[Material supplied]
- - - - - - -
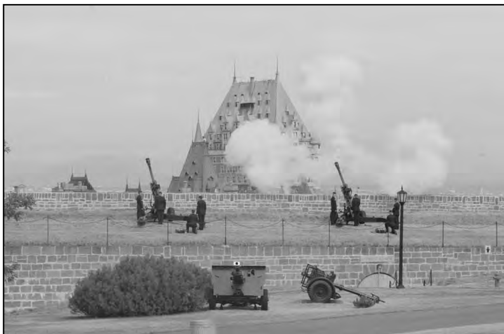
La troupe de Salut de la batterie R en action à la Citadelle de Québec.

l'occasion de la fête du Canada. Cette même batterie, qui était au rendez-vous quelques jours auparavant pour le concert sous les étoiles, devait en ce 1er juillet tirer 21 coups de canon à la Reine. Le Régiment a ensuite participé à une parade de changement de commandant de la brigade alors que le
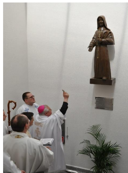
Fig. 11 Consecration of the Faculty of Health to Blessed Sister Zdenka

The Faculty of Health strives to intensify international mobility for students and teachers, especially with universities in the Czech Republic, Poland, Spain, and Slovenia. The faculty actively seeks to participate in scientific projects at both national and international levels. One of the faculty's key missions is to support student scientific and professional activities. A continual priority is the improvement of material and technical infrastructure.
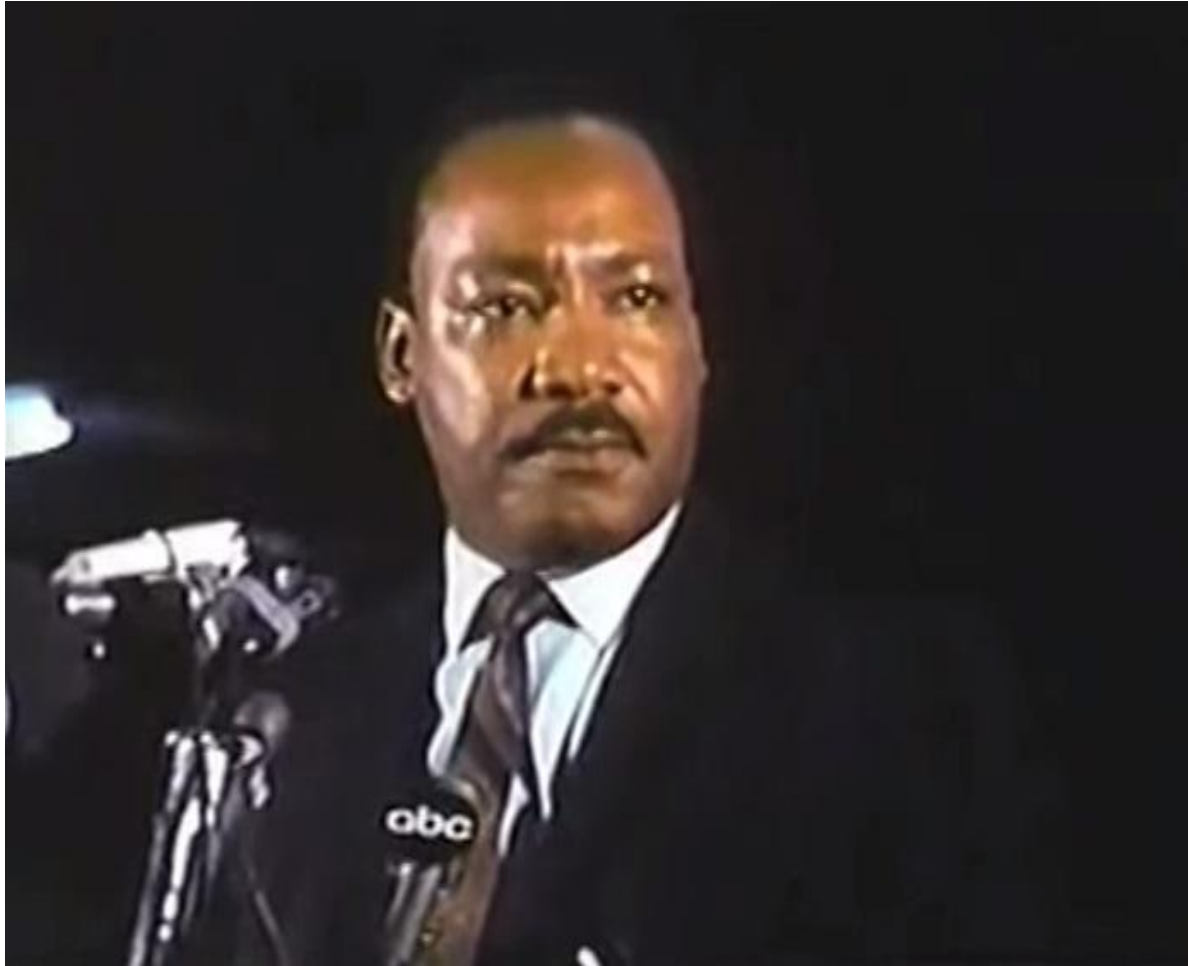
Figure 3 Martin Luther King, (1929-1968)
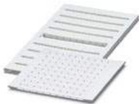
Flat zack marker sheet, white, For terminal block width: 6.2 mm

Please be informed that the data shown in this PDF Document is generated from our Online Catalog. Please find the complete data in the user's documentation. Our General Terms of Use for Downloads are valid ( http://download.phoenixcontact.com )
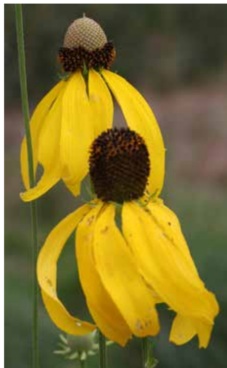
Homestead National Monument near Beatrice and prairie coneflower, Ratibida columnifera .
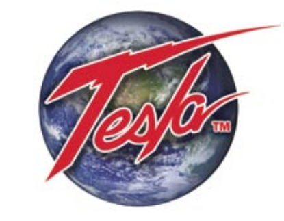
Power Anytime, Anywhere

The Tesla™ NATO DC Inline Receptacle is a high-quality NATO dc receptacle for your vehicle. The Tesla™ DC Inline Receptacle is constructed from a rugged combination of advanced composite materials and corrosion-resistant alloys for maximum conductivity and durability. The result is a NATO receptacle that will withstand the harshest battlefield conditions and other extreme environments.
- - - - - - -
[Problem statement]
Output exactly, and with no pictures, the lines from the line that holds "Flat zack marker" through the last line of the listing above.

[Solution for this problem]
Flat zack marker sheet, white, For terminal block width: 6.2 mm

Please be informed that the data shown in this PDF Document is generated from our Online Catalog. Please find the complete data in the user's documentation. Our General Terms of Use for Downloads are valid ( http://download.phoenixcontact.com )
Homestead National Monument near Beatrice and prairie coneflower, Ratibida columnifera .
Power Anytime, Anywhere

The Tesla™ NATO DC Inline Receptacle is a high-quality NATO dc receptacle for your vehicle. The Tesla™ DC Inline Receptacle is constructed from a rugged combination of advanced composite materials and corrosion-resistant alloys for maximum conductivity and durability. The result is a NATO receptacle that will withstand the harshest battlefield conditions and other extreme environments.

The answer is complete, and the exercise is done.